Finally give the sports ground that non-reference frame image is with respect to reference frame imageAnd Motion transform matrices m is built with thisk.First by sports ground mkX () carries out r times (amplification of the final high-definition image rebuild) Linear interpolation, obtains the sports ground m after interpolationk(x).Then calculate relative displacement δ xk=mk(x)-x=(δ xK, u-δxK, v), And dk=δ xK, u-floor(δxK, u), ek=δ xK, v-floor(δxK, v), wherein operator floor (.) represents to take and is less than Or it is equal to the maximum integer of designated value.Finally calculate motion transform matrices mkIn each element value: mk(j*m+i, floor (δxK, u)+xu+ceil(δxK, v+xv+ 1) * m)=dk*(1-ek), mk(j*m+i, ceil (δ xK, u)+xu+ceil(δxK, v+xv + 1) * m)=dk*ek, mk(j*m+i, floor (δ xK, u)+xu+floor(δxK, v+xv+ 1) * m)=(1-dk)*(1-ek), mk(j* M+i, ceil (δ xK, u)+xu+floor(δxK, v+xv+ 1) * m+x)=(1-dk)*ek, wherein operator ceil (.) represent take big In or be equal to designated value smallest positive integral, for matrix mkJth * m+i row in except this four row in addition to other elements value It is zero.
Step s2, s3 completes image registration and kinematic matrix mkStructure.
S4, calculating reference frame image yrefR times of bicubic interpolation imageNon local priori smoothing parameter hI, jWith similar The European threshold value of image.Because ideal image x is unknown in advance, the non local weight matrix just reference frame image according to low resolution yrefInterpolation imageEstimation obtains.Therefore, smoothing parameter hI, jIt it is one with regard to reference frame image yrefNoise, picture number According to itself, the function of down-sampling multiple.Wherein std (nI, j) it is to be with pixel (i, j) The heart, region of search is nI, jStandard deviation, be the constant (1 < β < 5) more than zero, σ2For the noise variance of reference frame image, r is Image magnification.This reference frame image yrefNoise variance σ2It is estimated as:Wherein n is image Pixel sum,n(xi) it is pixel xiFour neighborhoods.Finally adopt European threshold Value carries out dissimilar pixel removal, and the maximum weighted Euclidean distance that European threshold value (i.e. similarity threshold) adopts is 4 σ2, namely:
S5, calculate each pixel (i, j) (wherein 0≤i < rm, 0≤j < rn) with other pixels (s, t) (wherein 0≤s < rm, 0≤t < rn) similarity weight wnlm[i, j;S, t], build with regard to interpolation imageAs initial high-resolution The non local weight matrix s of image x comprises the steps of: calculates the pixel in each pixel (i, j) and its neighborhood n (i, j) The similarity of (s, t)
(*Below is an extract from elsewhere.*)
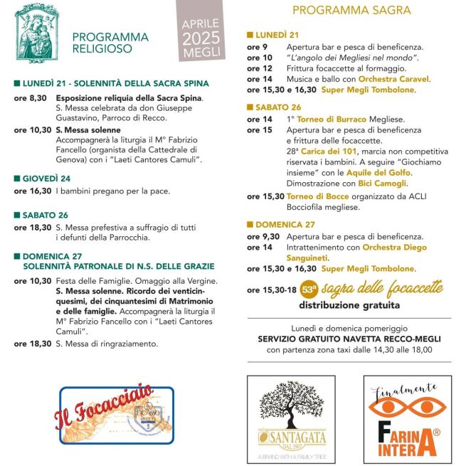 La 53esima edizione della Sagra delle Focaccette di Megli prevede anche un programma religioso con Sante Messe ed eventi liturgici dal 21 al 27 aprile 2025 (consultabile sulla pagina facebook Sagra Focaccette Megli, insieme a informazioni e aggiornamenti). Lunedì e domenica pomeriggio è attivo il servizio gratuito navetta Recco-Megli con partenza zona taxi dalle ore 14.30 alle 18. In caso di maltempo, il programma potrebbe subire delle modifiche. Di seguito la locandina con il programma completo della Sagra delle Focaccette di Megli 2024, tra gastronomia e cerimonie religiose.
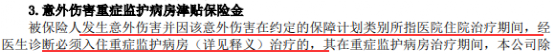 1-被保人因遭受意外伤害,并因该意外在指定医院住院治疗,经医生诊断必须入住重症监护病房的,给付意外伤害重症监护病房津贴;

Wherein rI, jBe pixel centered on (i, j) image block extract operator, generally the square of q × q (q=5,7, 9...),Represent the weighted euclidean distance of two image blocks, wherein a > 0 is the standard deviation of gaussian kernel function, hI, j For filter smoothing parameter, depend on noise size and the image itself of image, f is the geometry depending on two central pixel point The normal function (monotone non-increasing function) of distance;All pixels Similarity value in normalization pixel (i, j) and neighborhood n (i, j),Finally build non local weight matrix
The s of self adaptation solution and non local weight matrix that step s4, s5 completes non local Study first builds.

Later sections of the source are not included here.